(Exercise details):
Reproduce only what runs from the line containing "Τα παπούτσια αναρρίχησης" to the line containing "Pretty, simple, and" in the records below, inclusive. Keep it exact, and keep the pictures out.

(Given information):
★ ★ ★
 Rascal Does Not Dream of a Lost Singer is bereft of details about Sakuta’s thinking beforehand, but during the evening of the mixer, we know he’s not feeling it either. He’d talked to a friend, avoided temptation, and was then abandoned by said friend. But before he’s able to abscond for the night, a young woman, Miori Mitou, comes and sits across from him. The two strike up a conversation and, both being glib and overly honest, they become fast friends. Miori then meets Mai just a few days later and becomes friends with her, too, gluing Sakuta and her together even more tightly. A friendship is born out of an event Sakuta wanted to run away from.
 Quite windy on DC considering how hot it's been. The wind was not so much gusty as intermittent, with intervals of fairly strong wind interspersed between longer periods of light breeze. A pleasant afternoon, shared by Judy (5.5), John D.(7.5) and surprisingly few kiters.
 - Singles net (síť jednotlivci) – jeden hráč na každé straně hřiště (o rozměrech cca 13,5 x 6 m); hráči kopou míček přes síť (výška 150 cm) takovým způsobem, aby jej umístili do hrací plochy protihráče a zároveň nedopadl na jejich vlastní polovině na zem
★ ★ ★
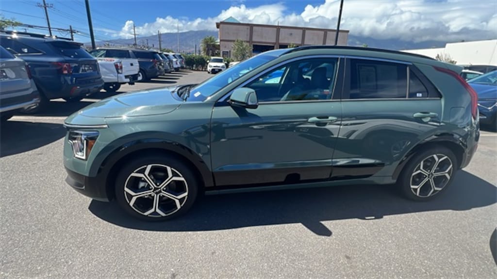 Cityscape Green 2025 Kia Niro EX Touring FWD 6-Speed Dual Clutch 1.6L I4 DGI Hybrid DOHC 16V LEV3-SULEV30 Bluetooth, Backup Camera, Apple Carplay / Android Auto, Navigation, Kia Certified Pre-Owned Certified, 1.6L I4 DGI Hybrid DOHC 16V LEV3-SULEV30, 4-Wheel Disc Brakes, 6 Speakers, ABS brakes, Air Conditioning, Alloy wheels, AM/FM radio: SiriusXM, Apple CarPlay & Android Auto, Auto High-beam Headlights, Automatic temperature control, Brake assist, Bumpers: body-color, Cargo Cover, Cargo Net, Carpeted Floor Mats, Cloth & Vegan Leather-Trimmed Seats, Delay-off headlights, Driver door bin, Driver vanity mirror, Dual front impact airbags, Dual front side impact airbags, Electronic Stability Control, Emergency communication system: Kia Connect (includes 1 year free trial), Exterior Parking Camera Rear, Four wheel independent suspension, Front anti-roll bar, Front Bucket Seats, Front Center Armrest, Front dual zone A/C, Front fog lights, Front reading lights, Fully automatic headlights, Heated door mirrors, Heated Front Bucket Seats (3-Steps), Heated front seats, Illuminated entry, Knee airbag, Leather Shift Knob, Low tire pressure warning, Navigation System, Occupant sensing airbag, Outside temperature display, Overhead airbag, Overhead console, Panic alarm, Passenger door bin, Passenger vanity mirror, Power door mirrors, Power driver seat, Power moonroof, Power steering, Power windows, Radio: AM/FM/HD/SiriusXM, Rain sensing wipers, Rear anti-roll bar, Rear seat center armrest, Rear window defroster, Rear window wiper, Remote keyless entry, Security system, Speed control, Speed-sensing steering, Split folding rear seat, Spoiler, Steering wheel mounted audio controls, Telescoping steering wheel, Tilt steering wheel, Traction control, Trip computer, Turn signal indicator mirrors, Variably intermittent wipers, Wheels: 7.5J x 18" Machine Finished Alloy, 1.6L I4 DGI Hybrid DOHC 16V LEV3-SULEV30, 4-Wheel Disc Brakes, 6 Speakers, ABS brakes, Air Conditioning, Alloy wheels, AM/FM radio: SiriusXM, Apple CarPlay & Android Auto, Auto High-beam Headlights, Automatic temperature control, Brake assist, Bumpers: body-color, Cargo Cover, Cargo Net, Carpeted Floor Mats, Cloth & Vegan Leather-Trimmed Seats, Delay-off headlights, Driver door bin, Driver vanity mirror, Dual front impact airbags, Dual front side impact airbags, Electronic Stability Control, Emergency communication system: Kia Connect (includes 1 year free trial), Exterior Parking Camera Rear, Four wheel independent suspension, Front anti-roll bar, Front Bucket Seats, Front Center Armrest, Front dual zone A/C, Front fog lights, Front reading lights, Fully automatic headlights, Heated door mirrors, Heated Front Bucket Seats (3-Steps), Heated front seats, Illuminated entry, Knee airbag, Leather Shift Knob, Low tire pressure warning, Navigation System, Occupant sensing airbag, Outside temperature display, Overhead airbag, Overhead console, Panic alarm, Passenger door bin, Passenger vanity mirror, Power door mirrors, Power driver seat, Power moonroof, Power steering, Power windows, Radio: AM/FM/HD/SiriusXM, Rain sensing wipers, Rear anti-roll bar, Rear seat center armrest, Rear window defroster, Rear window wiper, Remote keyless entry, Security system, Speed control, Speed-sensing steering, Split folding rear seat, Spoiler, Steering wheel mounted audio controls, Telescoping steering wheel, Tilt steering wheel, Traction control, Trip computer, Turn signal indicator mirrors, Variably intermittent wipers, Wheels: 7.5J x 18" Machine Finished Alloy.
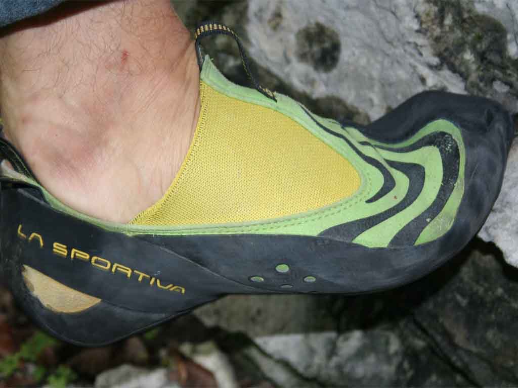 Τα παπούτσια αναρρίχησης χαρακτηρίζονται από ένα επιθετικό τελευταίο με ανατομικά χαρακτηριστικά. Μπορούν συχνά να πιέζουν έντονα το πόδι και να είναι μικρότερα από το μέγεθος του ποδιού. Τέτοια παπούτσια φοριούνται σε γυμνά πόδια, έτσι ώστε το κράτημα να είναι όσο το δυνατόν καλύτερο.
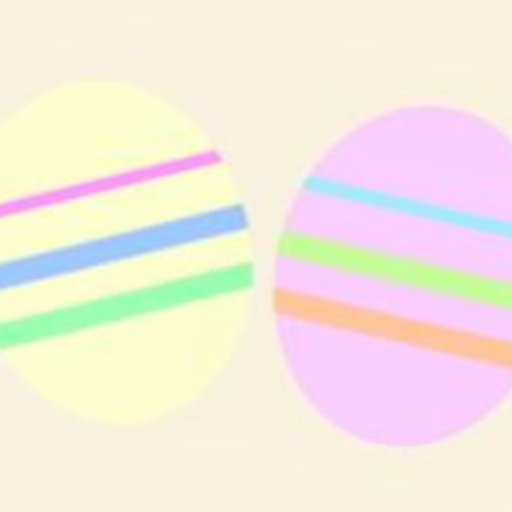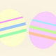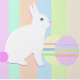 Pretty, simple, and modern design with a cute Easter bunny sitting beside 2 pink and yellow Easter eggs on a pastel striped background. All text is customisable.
★ ★ ★
(Result of the exercise):
 Τα παπούτσια αναρρίχησης χαρακτηρίζονται από ένα επιθετικό τελευταίο με ανατομικά χαρακτηριστικά. Μπορούν συχνά να πιέζουν έντονα το πόδι και να είναι μικρότερα από το μέγεθος του ποδιού. Τέτοια παπούτσια φοριούνται σε γυμνά πόδια, έτσι ώστε το κράτημα να είναι όσο το δυνατόν καλύτερο.
 Pretty, simple, and modern design with a cute Easter bunny sitting beside 2 pink and yellow Easter eggs on a pastel striped background. All text is customisable.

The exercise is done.